Многолетний опыт и систематизацию в выполнение данной операции привнесли С. Yazbeck и соавт., отразившие в своей публикации основные нюансы при выполнении пункции [17]. Так, например, они установили наиболее подходящие параметры для склерозирования эндометриом, лимитировав их диаметры (от 20 до 65 мм) и количество (максимум тремя), независимо от того, являются ли они одно- или двусторонними.
Методология проведения подобного лечения эндометриомы трансвагинальным доступом была представлена группой французских авторов в 2021 г. [18].
L. Miquel и соавт. доказали, что аспирационно-пункционная склеротерапия перед вступлением в программу ЭКО повышает вероятность живорождений по сравнению с группой пациенток с эндометриомами без данной процедуры перед ЭКО [19].
S. Alborzi и соавт. [20] при проведении метаанализа восьми публикаций не выявили существенных различий в частоте наступления беременности между четырьмя исследуемыми группами.
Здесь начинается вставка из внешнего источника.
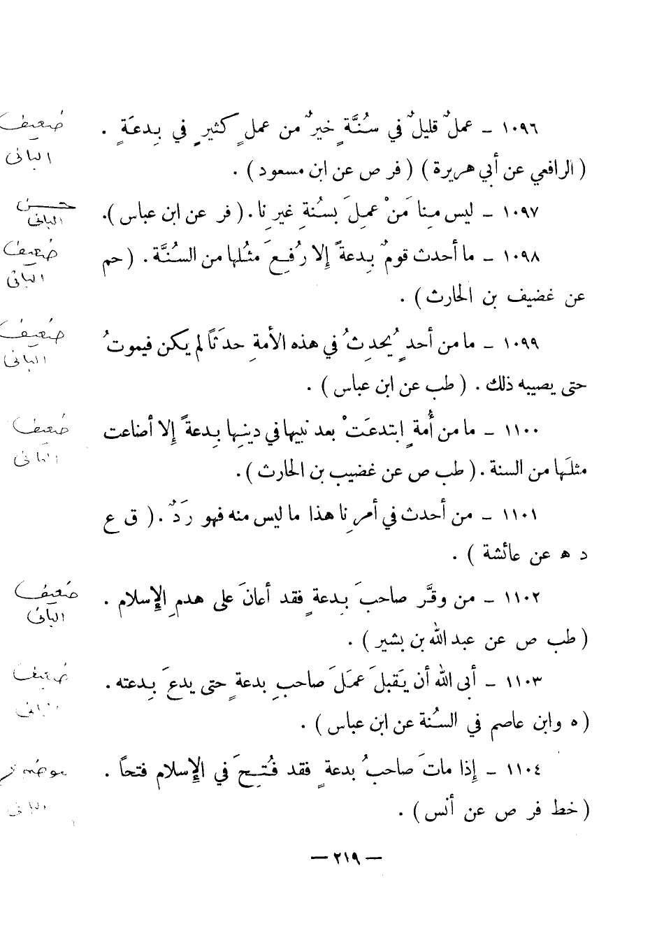 1100 – "ما من أمة ابتدعت بعد نبيها في دينها بدعة إلا أضاعت مثلها من السنة". (طب ص عن غضيب بن الحارث) .

Первую группу составили пациентки, которым выполнили лапароскопическую энуклеацию эндометриомы + вспомогательные репродуктивные технологии: частота наступления беременности — 38,3% (доверительный интервал (ДИ): 32,3–44,7); вторая группа — пациентки, которым провели только лапароскопическое удаление эндометриомы: частота наступления беременности — 43,8% (ДИ: 22,5–66,4); третья группа — пациентки, которым выполнили аспирационно-пункционную склеротерапию + вспомогательные репродуктивные технологии: частота наступления беременности — 40,8% (ДИ: 27,7–54,6); четвёртая группа — пациентки, которым проведена процедура ЭКО без предшествующего хирургического лечения: частота наступления беременности — 32,0% (ДИ: 15,0–52,0).
Самая низкая частота наступления беременности наблюдалась в группе вспомогательных репродуктивных технологий, что, возможно, объясняется затруднением при заборе ооцитов ввиду наличия эндометриомы [20]. Аналогичные клинические показатели частоты наступления беременности продемонстрированы в исследовании A. Cohen и соавт., однако количество полученных ооцитов было выше после склеротерапии эндометриомы по сравнению с лапароскопической цистэктомией [21].
В проспективном сравнительном исследовании С. Yazbeck и соавт. [22] 31 пациентке со сниженным овариальным резервом и наличием рецидивирующих эндометриом провели трансвагинальную аспирационно-пункционную склеротерапию в качестве подготовки к вспомогательной репродуктивной технологии. Эндометриомы рецидивировали в среднем через 10 мес. после их пункции в 12,9% случаев. Последующие публикации авторов показали, что небольшое количество внутрикистозного содержимого может сохраняться в течение месяца после процедуры и проявляться в виде остаточной эндометриомы неправильной формы размером менее 20 мм, что, по мнению исследователей, не следует расценивать как рецидив, дополнительного вмешательства не требуется [17].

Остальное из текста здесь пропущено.